§ WORK ORDER
I'd like an exact copy of only the lines from the start of the listing below through the line that holds "When you play". Please keep the pictures out.

§ GIVEN MATERIAL
────────────────────────────────────────

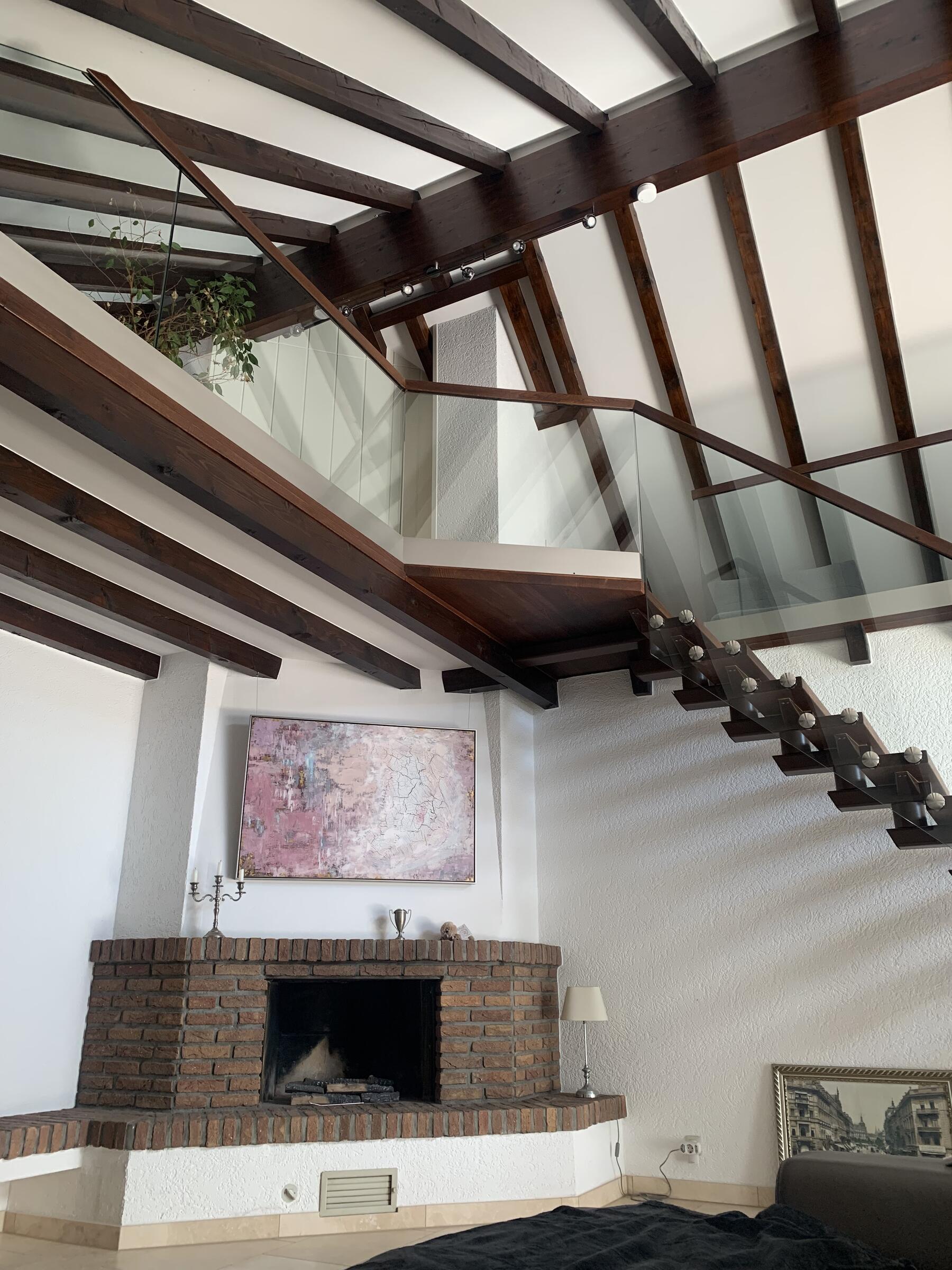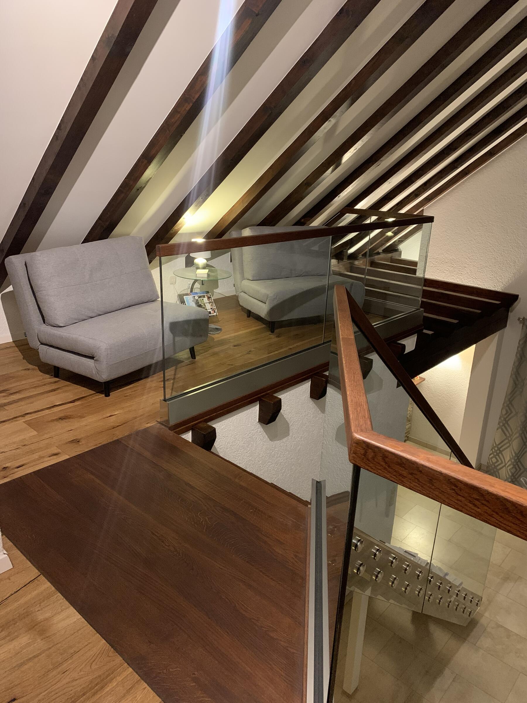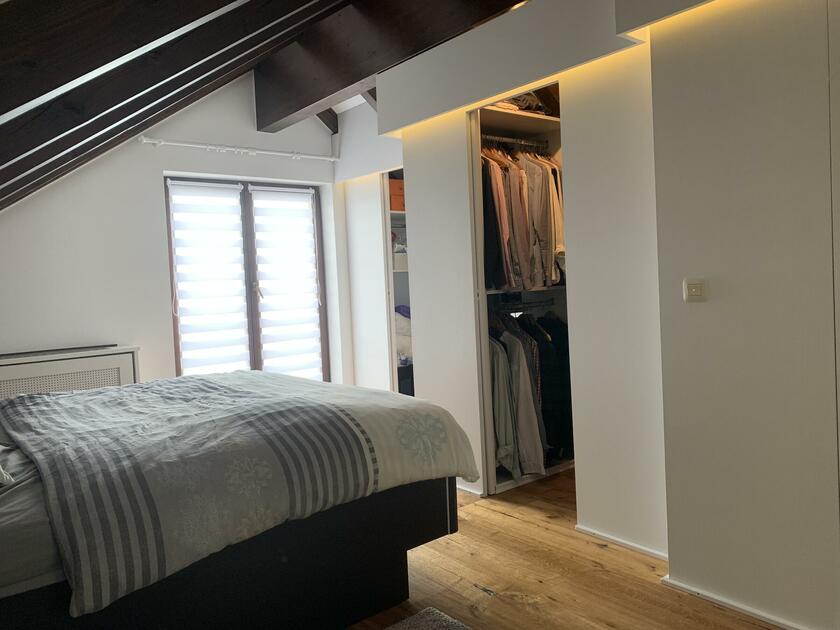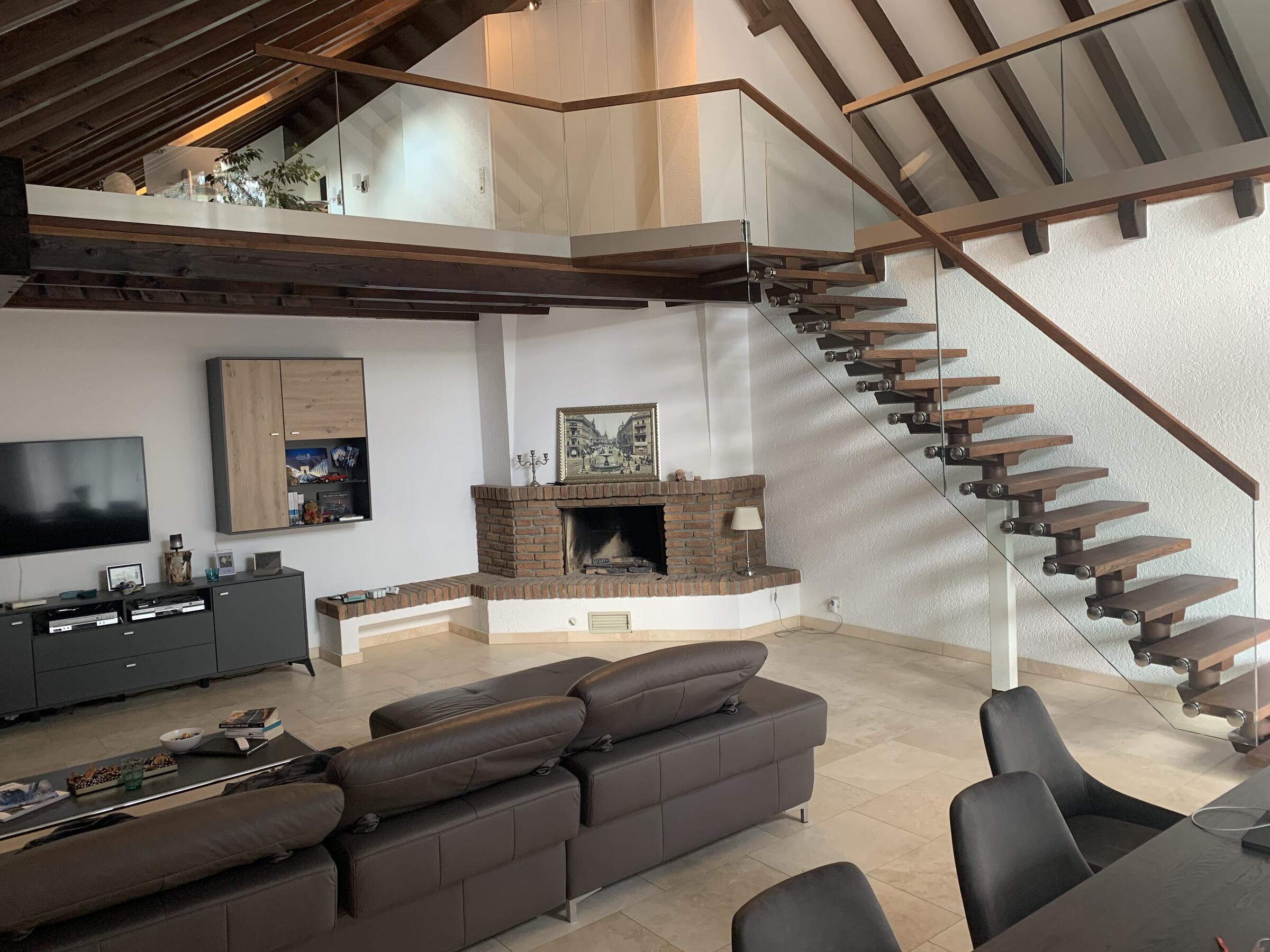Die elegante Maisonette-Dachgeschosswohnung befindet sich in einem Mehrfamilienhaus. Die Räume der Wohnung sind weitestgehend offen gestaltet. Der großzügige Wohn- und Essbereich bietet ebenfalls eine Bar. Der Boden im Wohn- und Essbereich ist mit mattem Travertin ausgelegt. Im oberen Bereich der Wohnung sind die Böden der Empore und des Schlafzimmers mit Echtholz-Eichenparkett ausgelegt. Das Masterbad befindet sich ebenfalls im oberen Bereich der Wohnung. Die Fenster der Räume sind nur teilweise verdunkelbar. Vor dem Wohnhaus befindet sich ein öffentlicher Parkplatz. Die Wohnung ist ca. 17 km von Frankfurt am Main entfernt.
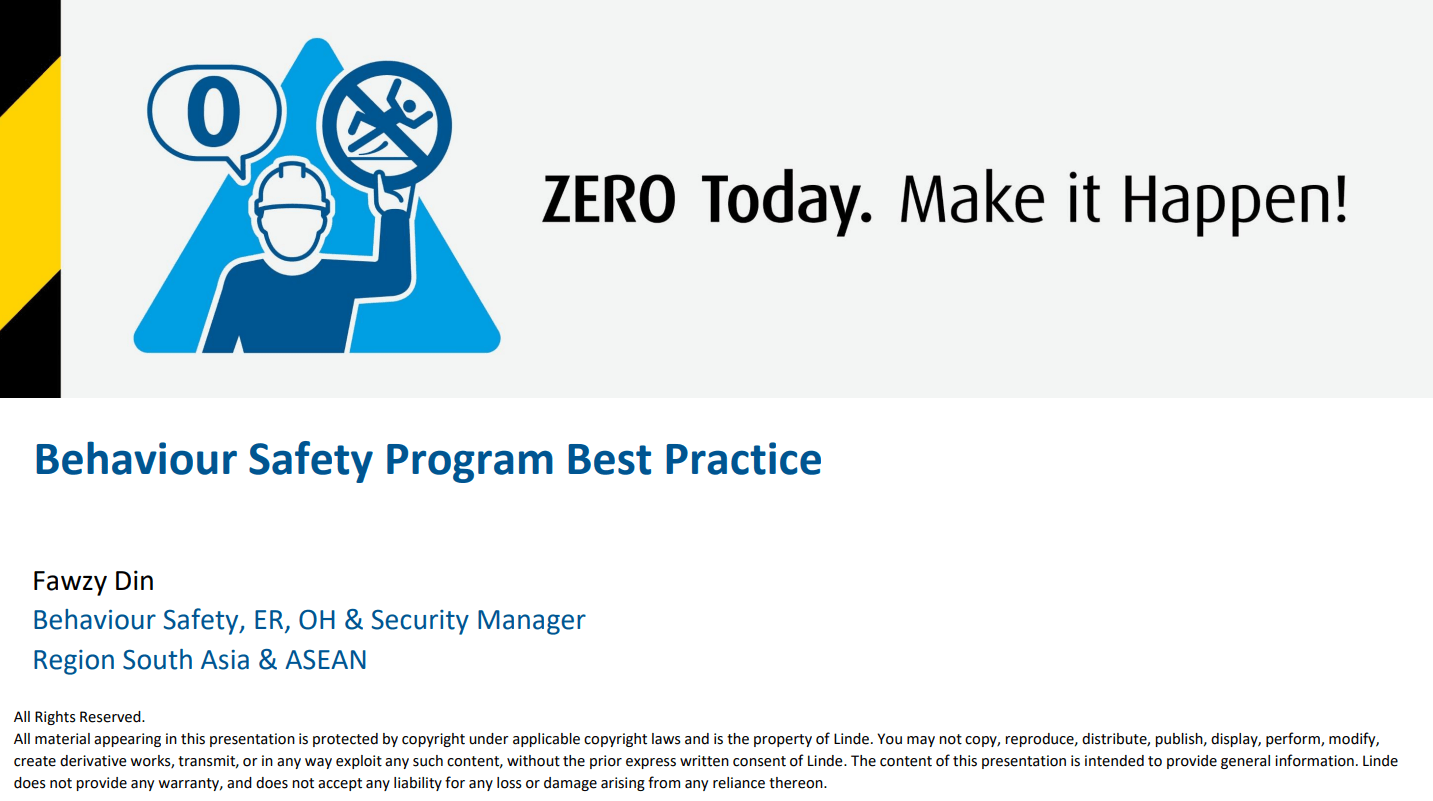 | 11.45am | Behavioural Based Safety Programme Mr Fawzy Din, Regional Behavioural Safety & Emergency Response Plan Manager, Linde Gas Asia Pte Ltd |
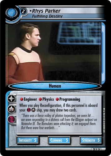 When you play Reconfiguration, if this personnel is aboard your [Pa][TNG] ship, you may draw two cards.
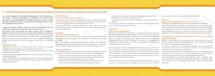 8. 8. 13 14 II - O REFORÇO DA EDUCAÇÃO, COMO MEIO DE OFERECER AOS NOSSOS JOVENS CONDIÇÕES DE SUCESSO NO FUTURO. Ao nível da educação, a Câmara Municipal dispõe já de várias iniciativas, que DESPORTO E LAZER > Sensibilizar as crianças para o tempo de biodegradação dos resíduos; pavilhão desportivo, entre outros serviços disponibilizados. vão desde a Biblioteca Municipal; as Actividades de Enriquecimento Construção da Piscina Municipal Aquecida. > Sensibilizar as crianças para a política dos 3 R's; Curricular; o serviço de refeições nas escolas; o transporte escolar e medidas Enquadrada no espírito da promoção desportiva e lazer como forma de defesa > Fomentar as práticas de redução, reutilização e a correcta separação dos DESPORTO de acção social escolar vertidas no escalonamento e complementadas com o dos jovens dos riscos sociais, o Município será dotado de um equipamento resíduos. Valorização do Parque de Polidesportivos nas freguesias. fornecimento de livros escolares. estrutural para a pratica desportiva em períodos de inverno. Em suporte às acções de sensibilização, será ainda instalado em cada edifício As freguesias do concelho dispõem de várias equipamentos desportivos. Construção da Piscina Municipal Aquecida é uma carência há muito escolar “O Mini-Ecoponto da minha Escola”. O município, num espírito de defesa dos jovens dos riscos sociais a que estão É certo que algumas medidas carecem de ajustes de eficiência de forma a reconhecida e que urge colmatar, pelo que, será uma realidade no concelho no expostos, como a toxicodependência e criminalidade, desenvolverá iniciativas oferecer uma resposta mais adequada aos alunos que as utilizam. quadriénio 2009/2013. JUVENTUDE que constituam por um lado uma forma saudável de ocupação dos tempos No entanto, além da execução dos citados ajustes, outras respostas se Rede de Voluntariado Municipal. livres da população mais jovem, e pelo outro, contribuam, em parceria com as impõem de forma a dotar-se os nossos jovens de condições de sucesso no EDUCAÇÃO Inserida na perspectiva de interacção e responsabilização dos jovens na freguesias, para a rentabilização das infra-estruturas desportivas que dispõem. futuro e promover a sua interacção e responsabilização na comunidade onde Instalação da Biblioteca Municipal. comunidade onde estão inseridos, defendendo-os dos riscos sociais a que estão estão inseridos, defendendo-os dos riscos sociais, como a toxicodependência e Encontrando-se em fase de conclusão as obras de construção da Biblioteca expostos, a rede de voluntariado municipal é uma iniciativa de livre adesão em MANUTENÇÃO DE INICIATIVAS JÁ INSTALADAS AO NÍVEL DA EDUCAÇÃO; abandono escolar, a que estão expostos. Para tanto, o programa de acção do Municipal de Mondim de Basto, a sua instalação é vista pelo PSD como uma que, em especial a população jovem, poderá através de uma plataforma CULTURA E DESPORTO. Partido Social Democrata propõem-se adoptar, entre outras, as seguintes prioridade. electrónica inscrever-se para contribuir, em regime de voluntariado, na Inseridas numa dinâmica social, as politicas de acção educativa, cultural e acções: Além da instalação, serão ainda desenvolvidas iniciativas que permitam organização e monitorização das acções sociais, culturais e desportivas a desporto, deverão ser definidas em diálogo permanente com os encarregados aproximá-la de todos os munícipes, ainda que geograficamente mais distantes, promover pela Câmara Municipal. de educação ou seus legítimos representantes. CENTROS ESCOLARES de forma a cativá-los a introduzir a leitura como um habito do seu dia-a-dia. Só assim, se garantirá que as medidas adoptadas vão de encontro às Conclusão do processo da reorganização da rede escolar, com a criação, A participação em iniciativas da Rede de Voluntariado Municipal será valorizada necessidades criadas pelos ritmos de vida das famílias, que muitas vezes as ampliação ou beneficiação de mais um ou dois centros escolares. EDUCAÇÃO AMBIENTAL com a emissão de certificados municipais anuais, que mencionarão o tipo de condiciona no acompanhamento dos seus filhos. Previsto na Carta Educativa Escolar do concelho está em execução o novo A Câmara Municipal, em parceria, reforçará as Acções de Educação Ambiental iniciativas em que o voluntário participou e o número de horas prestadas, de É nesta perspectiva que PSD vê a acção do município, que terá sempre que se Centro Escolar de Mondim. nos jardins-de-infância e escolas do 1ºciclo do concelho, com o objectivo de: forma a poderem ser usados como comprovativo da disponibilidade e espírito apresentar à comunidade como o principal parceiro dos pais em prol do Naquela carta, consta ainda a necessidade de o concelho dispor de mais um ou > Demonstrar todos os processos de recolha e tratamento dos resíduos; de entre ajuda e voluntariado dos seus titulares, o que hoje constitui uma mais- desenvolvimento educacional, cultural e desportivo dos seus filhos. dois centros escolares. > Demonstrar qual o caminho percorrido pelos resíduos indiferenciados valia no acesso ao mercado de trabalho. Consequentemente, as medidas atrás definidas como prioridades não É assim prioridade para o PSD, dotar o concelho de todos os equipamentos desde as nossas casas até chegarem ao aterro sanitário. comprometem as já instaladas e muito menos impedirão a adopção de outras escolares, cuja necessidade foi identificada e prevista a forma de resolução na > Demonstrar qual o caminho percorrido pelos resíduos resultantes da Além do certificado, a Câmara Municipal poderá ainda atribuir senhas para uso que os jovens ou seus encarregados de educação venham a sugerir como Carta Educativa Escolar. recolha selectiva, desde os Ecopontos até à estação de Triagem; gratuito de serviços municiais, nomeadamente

────────────────────────────────────────

§ TASK RESULT
Die elegante Maisonette-Dachgeschosswohnung befindet sich in einem Mehrfamilienhaus. Die Räume der Wohnung sind weitestgehend offen gestaltet. Der großzügige Wohn- und Essbereich bietet ebenfalls eine Bar. Der Boden im Wohn- und Essbereich ist mit mattem Travertin ausgelegt. Im oberen Bereich der Wohnung sind die Böden der Empore und des Schlafzimmers mit Echtholz-Eichenparkett ausgelegt. Das Masterbad befindet sich ebenfalls im oberen Bereich der Wohnung. Die Fenster der Räume sind nur teilweise verdunkelbar. Vor dem Wohnhaus befindet sich ein öffentlicher Parkplatz. Die Wohnung ist ca. 17 km von Frankfurt am Main entfernt.
 | 11.45am | Behavioural Based Safety Programme Mr Fawzy Din, Regional Behavioural Safety & Emergency Response Plan Manager, Linde Gas Asia Pte Ltd |
 When you play Reconfiguration, if this personnel is aboard your [Pa][TNG] ship, you may draw two cards.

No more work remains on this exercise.